The general aim of the course is to introduce the functional style
of programming using the programming language Standard ML (SML).
Specifically, the course will introduce, illustrate, and examine
the principles of functional programming using key features of SML:
structured datatypes, higher-order functions, and type inference.
Throughout the course applications will be demonstrated via case
studies.
Lectures
Overview and motivation.
Functional programming. Expressions and values. Functions.
Recursion. Types.
Introduction to SML.
SML/NJ and Moscow ML. Value declarations. Static binding.
Basic types: integers, reals, truth values, characters, strings.
Function declarations. Overloading. Types. Recursion.
Expression evaluation. Call-by-value.
Functions and lists.
Types. Polymorphism. Curried functions. Nameless functions.
Lists. Pattern matching. Case expressions. List manipulation.
Tail recursion. Accumulators. Local bindings.
Higher-order functions.
Higher-order functions. List functionals.
Datatypes.
Records. Enumerated types. Polymorphic datatypes. Option type.

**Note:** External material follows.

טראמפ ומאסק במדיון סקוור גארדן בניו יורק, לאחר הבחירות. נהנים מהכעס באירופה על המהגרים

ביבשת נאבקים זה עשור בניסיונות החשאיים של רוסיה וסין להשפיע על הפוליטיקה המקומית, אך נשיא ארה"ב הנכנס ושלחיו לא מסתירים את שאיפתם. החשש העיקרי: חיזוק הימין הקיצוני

Disjoint-union type. Abstract types. Error handling. Exceptions.
Recursive datatypes.
Lists, trees, lambda calculus. Tree manipulation. Tree listings:
preorder, inorder, postorder. Tree exploration: breadth-first and
depth-first search. Polymorphic exceptions. Isomorphisms.
Data structures.
Tree-based data structures. Binary search trees. Red/black trees.
Flexible functional arrays. Heaps. Priority queues.
Lazy datatypes.
Call-by-value, call-by-name, and call-by-need evaluation. Sequences,
streams, trees. Lazy evaluation. Sieve of Eratosthenes.

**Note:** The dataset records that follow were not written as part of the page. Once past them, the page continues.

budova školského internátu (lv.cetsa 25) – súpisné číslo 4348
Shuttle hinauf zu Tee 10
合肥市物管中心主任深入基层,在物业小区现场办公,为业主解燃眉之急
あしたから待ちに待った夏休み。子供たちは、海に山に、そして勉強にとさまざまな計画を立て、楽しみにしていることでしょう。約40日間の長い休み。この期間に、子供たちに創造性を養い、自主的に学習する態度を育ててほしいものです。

Breadth-first and depth-first traversals.
Program specification and verification.
Testing and verification. Rigorous and formal proofs. Structural
induction on lists. Law of extensionality. Multisets. Structural
induction on trees.
Objectives
At the end of the course students should
be familiar with key concepts of programming in a functional style
be able to develop software in SML in a competent manner
understand how to use the typing discipline for clearer and
verifiable programs
Recommended reading
Books:
* Paulson, L.C. (1996). ML for the working programmer. Cambridge University Press.

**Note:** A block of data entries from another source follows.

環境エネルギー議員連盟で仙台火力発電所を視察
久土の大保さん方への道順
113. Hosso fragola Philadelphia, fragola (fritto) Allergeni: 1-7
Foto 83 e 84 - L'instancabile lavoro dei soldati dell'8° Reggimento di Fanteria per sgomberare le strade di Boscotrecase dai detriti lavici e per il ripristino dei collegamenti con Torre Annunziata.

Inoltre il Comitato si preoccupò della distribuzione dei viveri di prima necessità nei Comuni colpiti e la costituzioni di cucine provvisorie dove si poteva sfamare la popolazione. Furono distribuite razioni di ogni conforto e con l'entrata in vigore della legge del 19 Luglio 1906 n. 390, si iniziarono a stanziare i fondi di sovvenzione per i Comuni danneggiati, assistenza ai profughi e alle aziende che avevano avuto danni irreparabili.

* Okasaki, C. (1998). Purely functional data structures. Cambridge University Press.
Papers:
Backus, J. (1978). Can programming be liberated from the von Neumann style? A functional style and its algebra of programs. Communications of the ACM, vol. 21, pp. 613-641.
Landin, P.J. (1966). The next 700 programming languages. Communications of the ACM, vol. 9, pp. 157-166.